Beginning with the line that has "Transparent white pen bag - Image" and ending with the line that has "Here are the", retype the entries below exactly, except for the pictures.

Data under study:
=-=-=-=-=
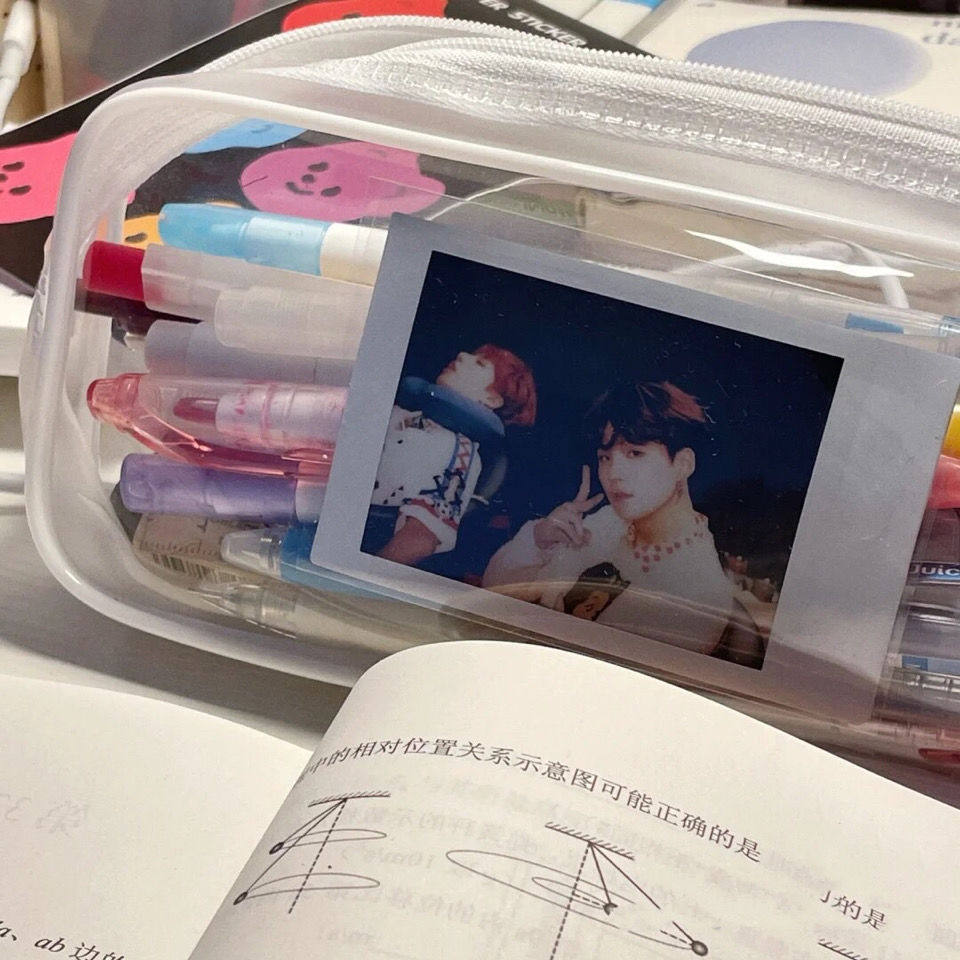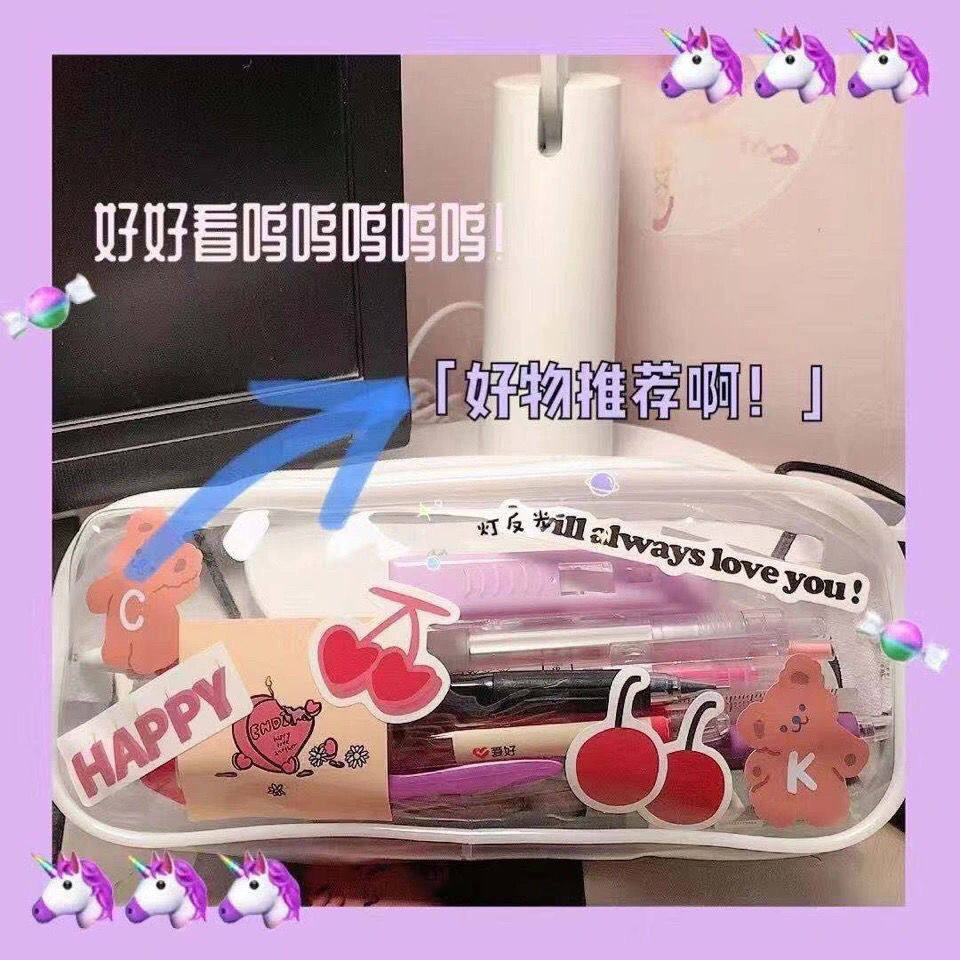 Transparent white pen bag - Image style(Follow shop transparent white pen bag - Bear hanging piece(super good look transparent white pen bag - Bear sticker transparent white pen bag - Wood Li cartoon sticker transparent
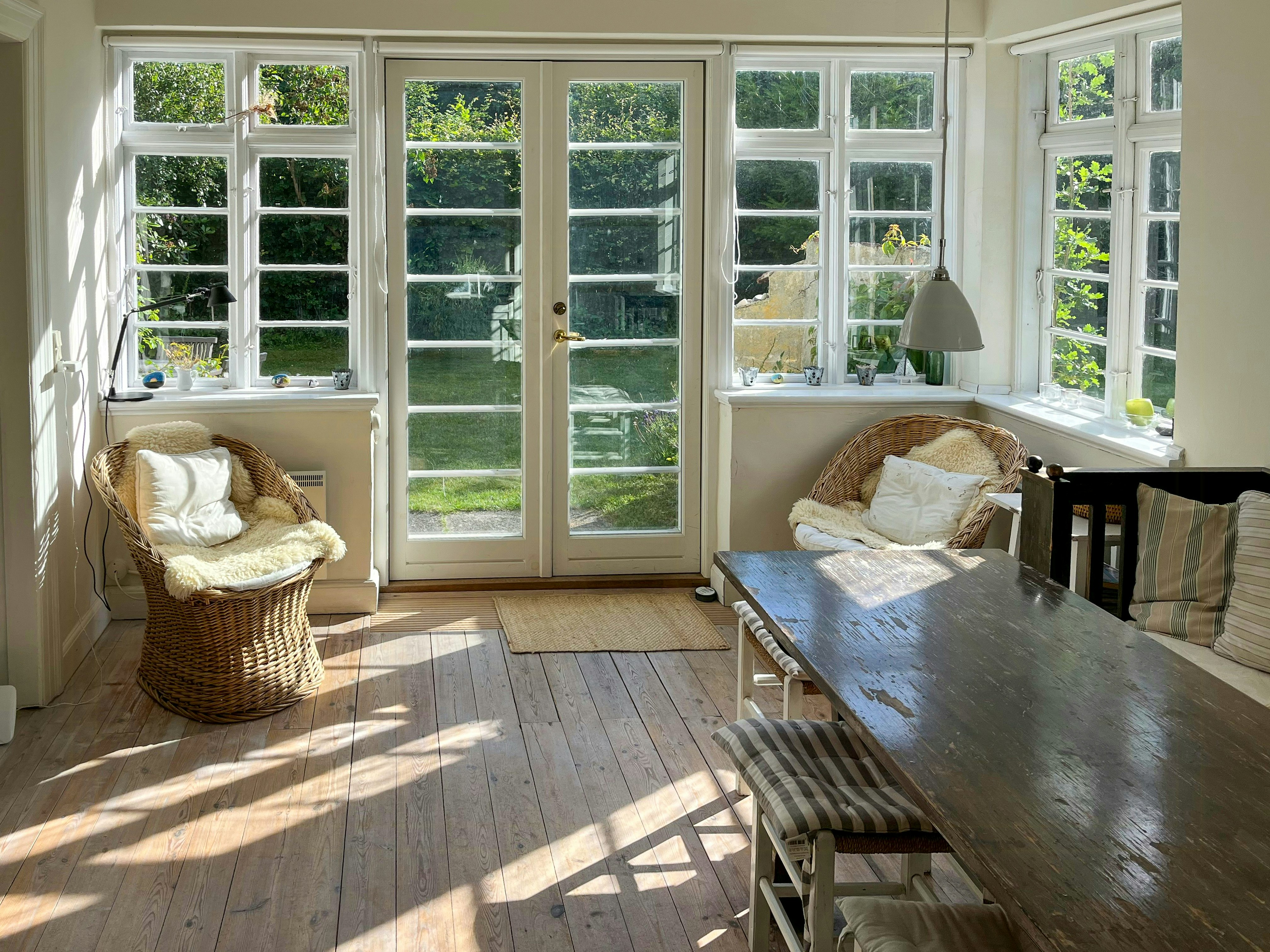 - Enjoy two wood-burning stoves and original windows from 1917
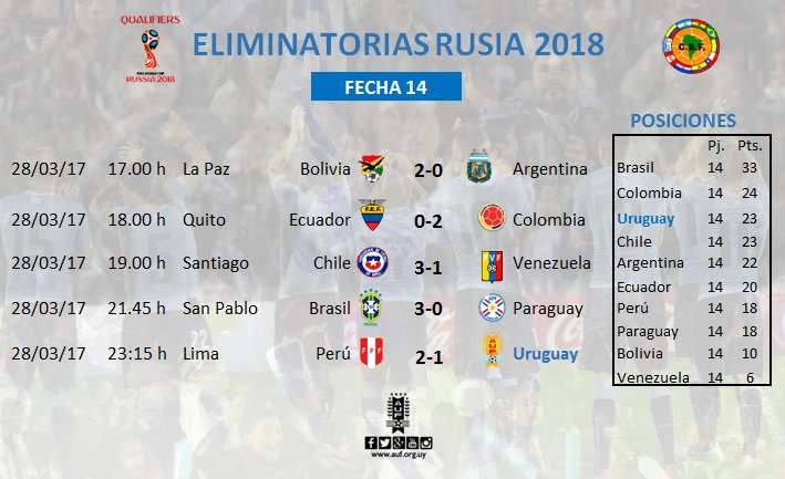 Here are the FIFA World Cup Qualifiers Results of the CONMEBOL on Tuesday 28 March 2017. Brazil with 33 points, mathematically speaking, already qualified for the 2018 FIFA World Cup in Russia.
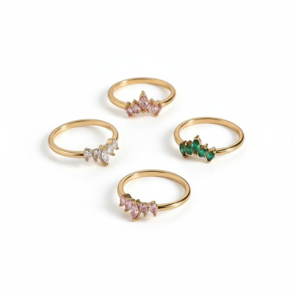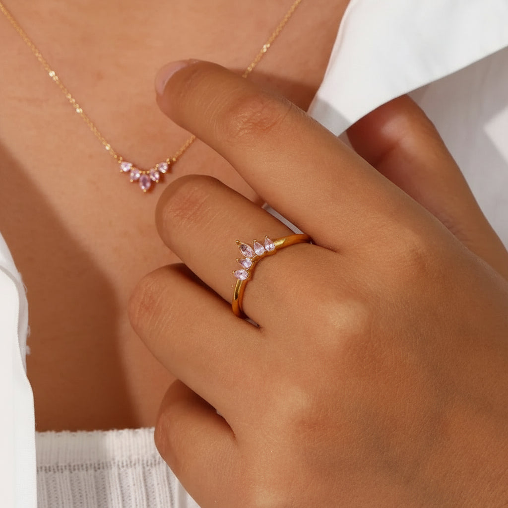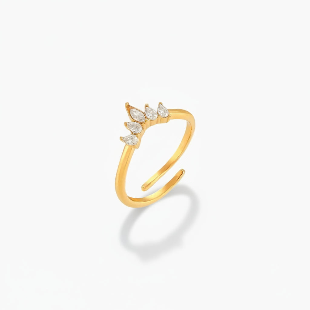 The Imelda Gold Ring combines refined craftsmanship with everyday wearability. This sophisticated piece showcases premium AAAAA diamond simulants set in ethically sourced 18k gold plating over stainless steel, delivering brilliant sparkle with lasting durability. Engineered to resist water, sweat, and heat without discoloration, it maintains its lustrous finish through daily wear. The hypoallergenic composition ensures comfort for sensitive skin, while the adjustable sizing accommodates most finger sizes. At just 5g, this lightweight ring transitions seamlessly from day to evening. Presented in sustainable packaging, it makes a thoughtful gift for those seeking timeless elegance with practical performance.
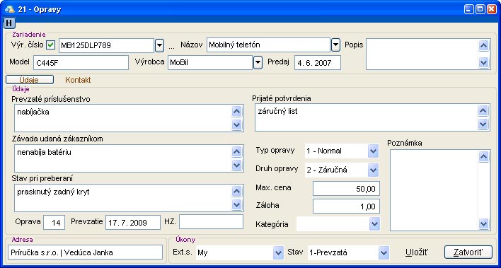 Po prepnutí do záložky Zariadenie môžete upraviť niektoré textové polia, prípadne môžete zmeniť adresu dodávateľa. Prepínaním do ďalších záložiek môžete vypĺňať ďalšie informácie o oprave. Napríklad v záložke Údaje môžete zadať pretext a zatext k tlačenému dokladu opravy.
=-=-=-=-=
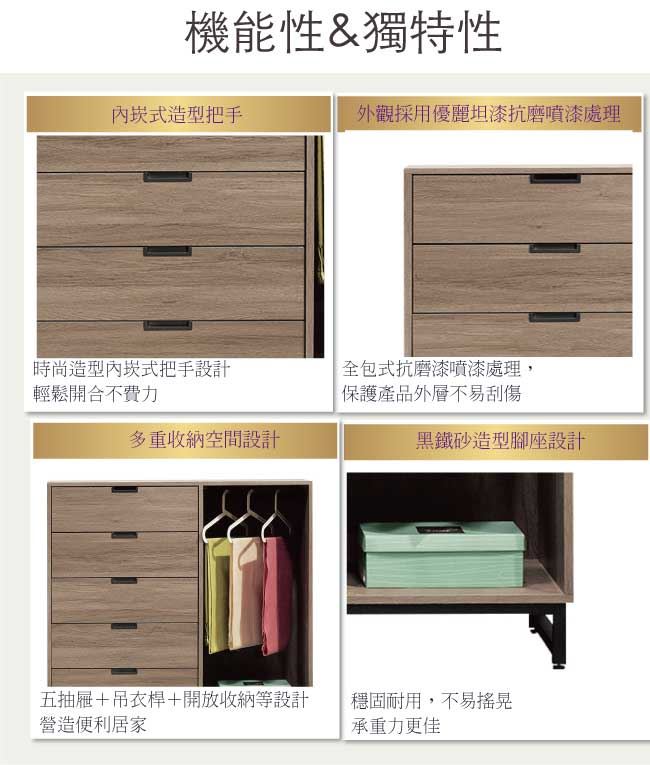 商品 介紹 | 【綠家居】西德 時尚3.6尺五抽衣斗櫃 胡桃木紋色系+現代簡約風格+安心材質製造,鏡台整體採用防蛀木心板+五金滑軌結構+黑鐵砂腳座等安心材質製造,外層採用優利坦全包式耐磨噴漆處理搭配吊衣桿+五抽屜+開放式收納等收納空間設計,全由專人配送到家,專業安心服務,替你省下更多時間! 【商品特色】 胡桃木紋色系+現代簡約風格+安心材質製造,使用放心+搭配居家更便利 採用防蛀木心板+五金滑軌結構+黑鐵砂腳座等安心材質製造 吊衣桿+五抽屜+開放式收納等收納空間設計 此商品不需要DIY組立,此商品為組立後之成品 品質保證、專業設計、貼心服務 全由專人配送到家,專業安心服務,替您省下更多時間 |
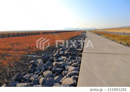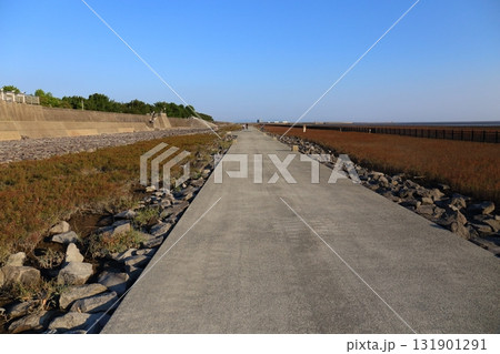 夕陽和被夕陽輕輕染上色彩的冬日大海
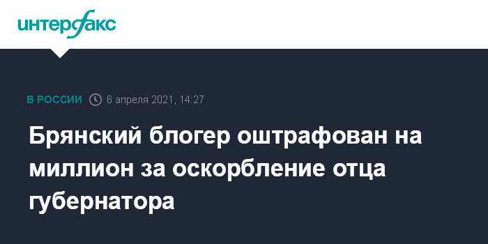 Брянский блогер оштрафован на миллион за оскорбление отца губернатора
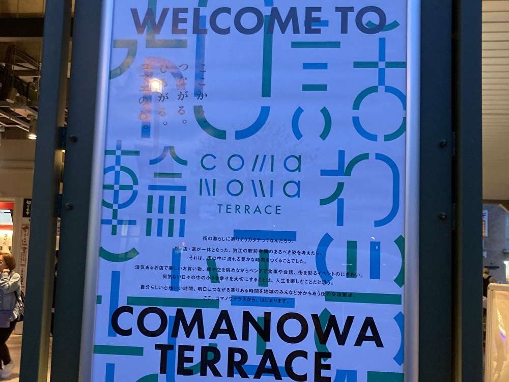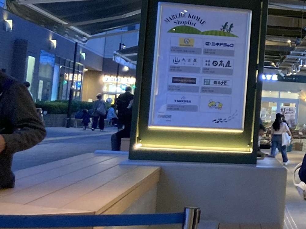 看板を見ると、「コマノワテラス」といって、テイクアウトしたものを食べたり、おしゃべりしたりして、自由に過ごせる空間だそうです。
=-=-=-=-=
Solution to this task:
 Transparent white pen bag - Image style(Follow shop transparent white pen bag - Bear hanging piece(super good look transparent white pen bag - Bear sticker transparent white pen bag - Wood Li cartoon sticker transparent
 - Enjoy two wood-burning stoves and original windows from 1917
 Here are the FIFA World Cup Qualifiers Results of the CONMEBOL on Tuesday 28 March 2017. Brazil with 33 points, mathematically speaking, already qualified for the 2018 FIFA World Cup in Russia.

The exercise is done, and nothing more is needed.